Information supplied>
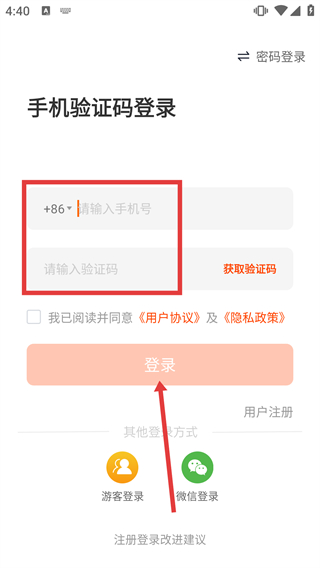 4、在手機驗證碼登錄頁面,填寫目標(biāo)手機號、獲取并輸入對應(yīng)驗證碼,勾選“我已閱讀并同意協(xié)議”后點擊“登錄”按鈕,完成登錄以繼續(xù)職位投遞操作。
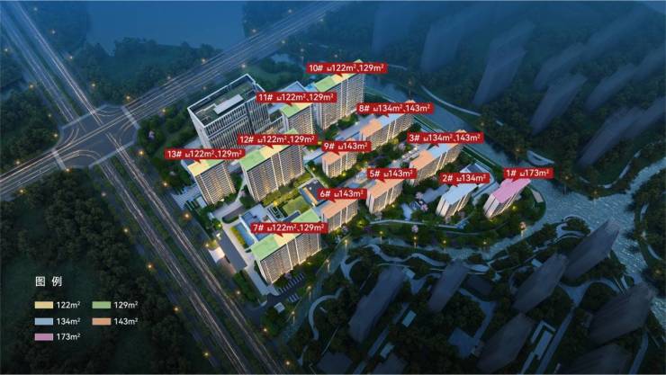 面积:122㎡三房两厅两卫、129㎡四房两厅两卫、134㎡四房两厅两卫、143㎡四室两厅两卫
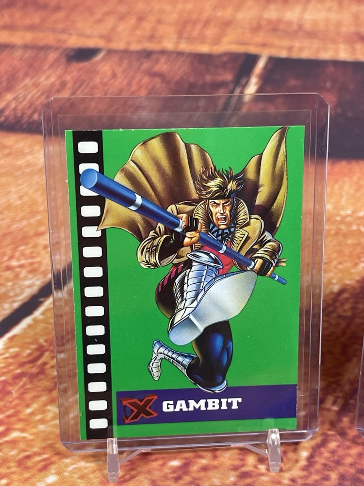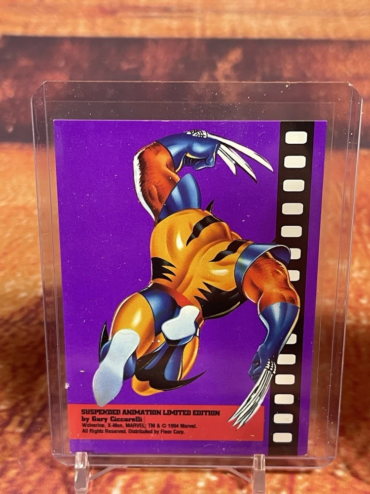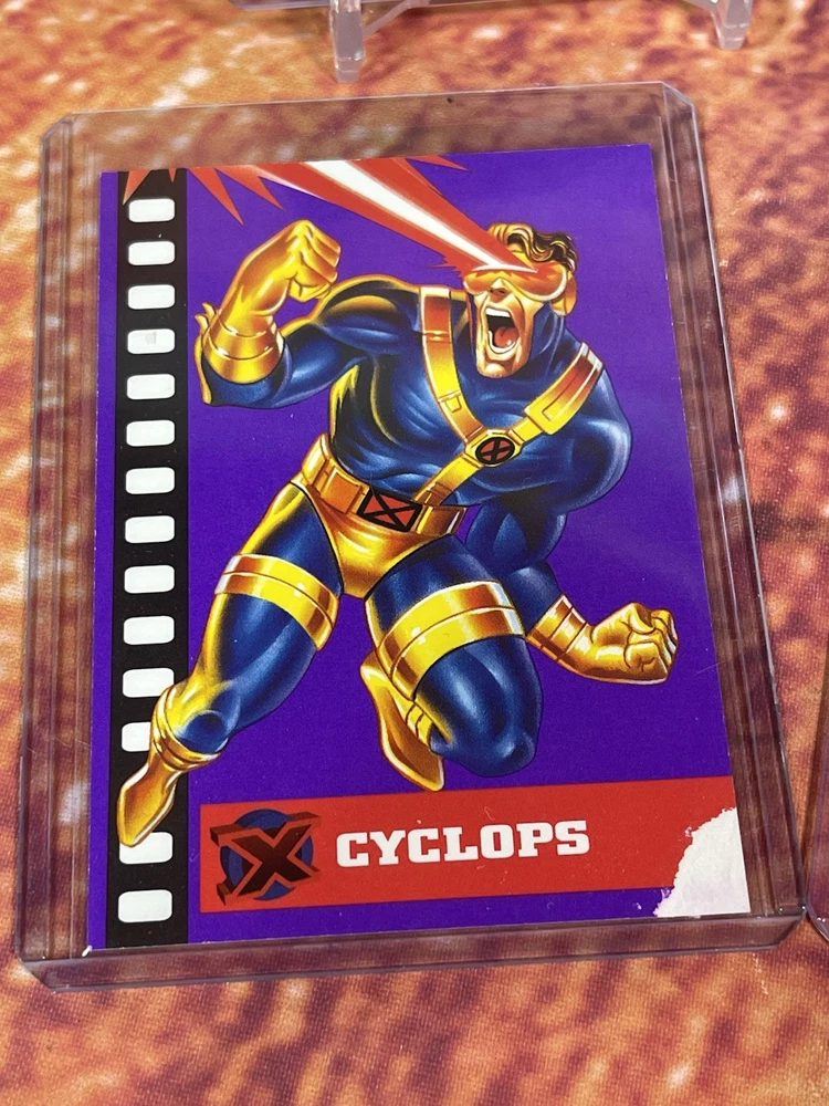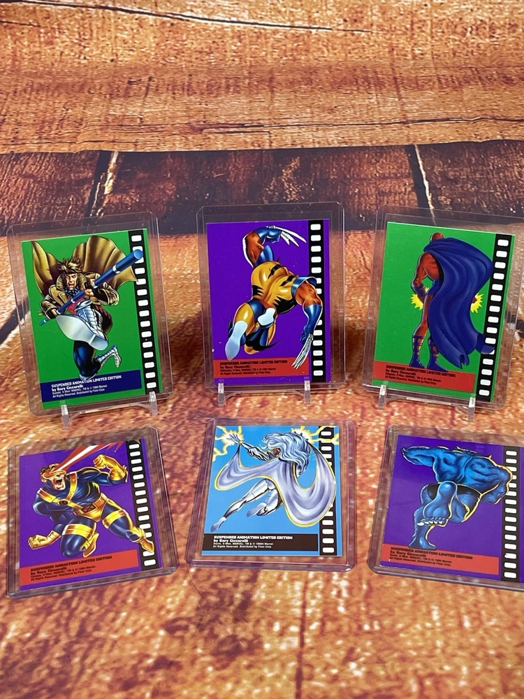 Damage on front bottom right corner of cyclops as seen in pick. Very rare to see complete set of all 6 cards! The complete 1995 Fleer Ultra X-Men Suspended Animation Toy Biz promo set consists of 6 specific cards featuring popular X-Men characters. These promo cards were inserts with solid-color backgrounds, different from the standard 10-card acetate insert set found in hobby packs. Toy Biz Promo Set Checklist The 1995 Fleer Ultra X-Men Toy Biz promo cards were included inside carded action figures from the Toy Biz X-Men Classics line and are printed on regular card stock with a 1994 copyright and a stylized "X" logo. The complete set includes the following 6 characters: Beast: Featured in the promo set. Cyclops: Available as a promo card. Gambit: Part of this specific 6-card set. Magneto: Also included in the set. Storm: A character featured in the Toy Biz promo. Wolverine: The final card, often considered the most popular and potentially valuable of the set. Distinction from Standard Insert Set

What you have to do> Take the line containing "面积:122㎡三房两厅两卫、" as the first line and the last line of the data above as the final one, and output exactly the lines between them, inclusive, with no pictures.

Answer to this task>
 面积:122㎡三房两厅两卫、129㎡四房两厅两卫、134㎡四房两厅两卫、143㎡四室两厅两卫
 Damage on front bottom right corner of cyclops as seen in pick. Very rare to see complete set of all 6 cards! The complete 1995 Fleer Ultra X-Men Suspended Animation Toy Biz promo set consists of 6 specific cards featuring popular X-Men characters. These promo cards were inserts with solid-color backgrounds, different from the standard 10-card acetate insert set found in hobby packs. Toy Biz Promo Set Checklist The 1995 Fleer Ultra X-Men Toy Biz promo cards were included inside carded action figures from the Toy Biz X-Men Classics line and are printed on regular card stock with a 1994 copyright and a stylized "X" logo. The complete set includes the following 6 characters: Beast: Featured in the promo set. Cyclops: Available as a promo card. Gambit: Part of this specific 6-card set. Magneto: Also included in the set. Storm: A character featured in the Toy Biz promo. Wolverine: The final card, often considered the most popular and potentially valuable of the set. Distinction from Standard Insert Set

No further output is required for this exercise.